Traffic Management Optimization via IoT-Enhanced Cooperative Vehicle-Infrastructure Systems
Kaijun Leng, Cheng-Feng Wu
Abstract
Under the trend of continuous expansion of urban areas and an increasing number of vehicles, the traditional transportation system has been unable to cope with various complex situations, and the problem of insufficient information exchange has emerged. This study is based on the cooperative vehicle-infrastructure system (CVIS) of the Internet of Things (IoT)-enhanced intelligent model, aiming to solve the problem of insufficient information exchange in the existing intelligent transportation system under dynamic traffic conditions. Thus, power management, intelligent driving ability, and driving comfort and safety can be improved.
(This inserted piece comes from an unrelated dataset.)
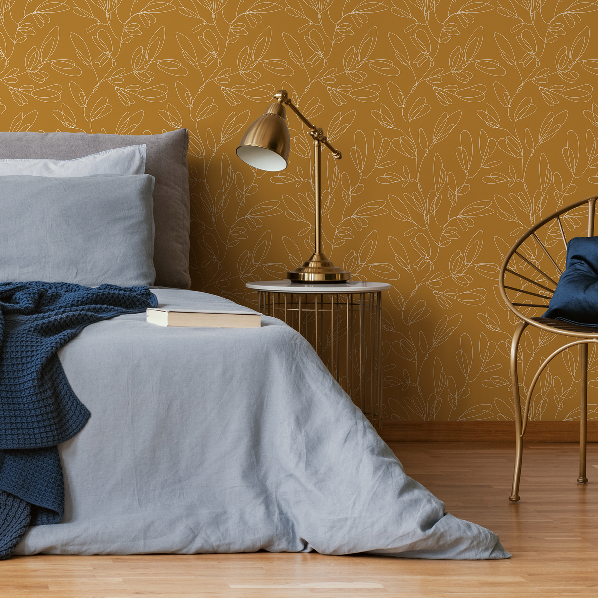 Introduce a touch of sophisticated nature to your home with this stunning Botanical Wallpaper. Featuring a delicate leaf outline in a continuous line art style, this design brings an elegant and modern feel to any space. The rich mustard yellow and white color palette creates a warm, inviting atmosphere, making it the perfect wall art to refresh your interior design. This abstract boho floral wallpaper is ideal for creating a statement wall or transforming an entire room with its unique and artistic charm.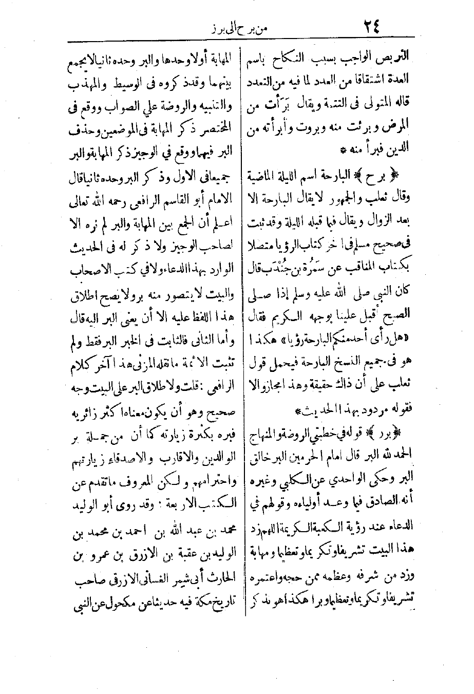 برر: قوله في خطبتي “الروضة” و“المنهاج”: الحمد لله البر. قال إمام الحرمين: البر خالق البر، وحكى الواحدي وغيره أنه الصادق فيما وعد أولياءه، وقولهم في الدعاء عند رؤية الكعبة الكريمة: اللهم زد هذا البيت تشريفًا وتكريمًا وتعظيمًا ومهابة، وزد من شرفه وعظمه ممن حجه واعتمره تشريفًا وتكريمًا وتعظيمًا وبرًا. هكذا هو يذكر المهابة أولاً وحدها، والبر وحده ثانيًا لا يجمع بينهما، وقد ذكروه في “الوسيط” و“المهذب” و“التنبيه” و“الروضة” على الصواب، ووقع في “المختصر” ذكر المهابة في الموضعين، وحذف البر فيهما، ووقع في “الوجيز” ذكر المهابة والبر جميعًا في الأول، وذكر البر وحده ثانيًا.

Through the application of IoT technology, a CVIS is established, which enables efficient information exchange between the vehicles and infrastructure by constructing advanced IoT architectures and utilizing reinforcement learning models to optimize the system responses and driving strategies. The experimental results show that the system can maintain an effective accelerated response of the vehicle even under heavy loads (up to 2000 kg) and complicated road conditions, with the fastest response time of 15.9 s. In addition, the system remarkably improves driving stability, especially in tests conducted on the slippery roads and uphill segments. Regarding safety and security, the system achieved a commendable command recognition accuracy of about 100%. Moreover, integrated intelligent algorithms help reduce overall energy consumption while maintaining the system’s performance. These results highlight the critical role of IoT technology in promoting the responsiveness and safety of intelligent vehicle systems.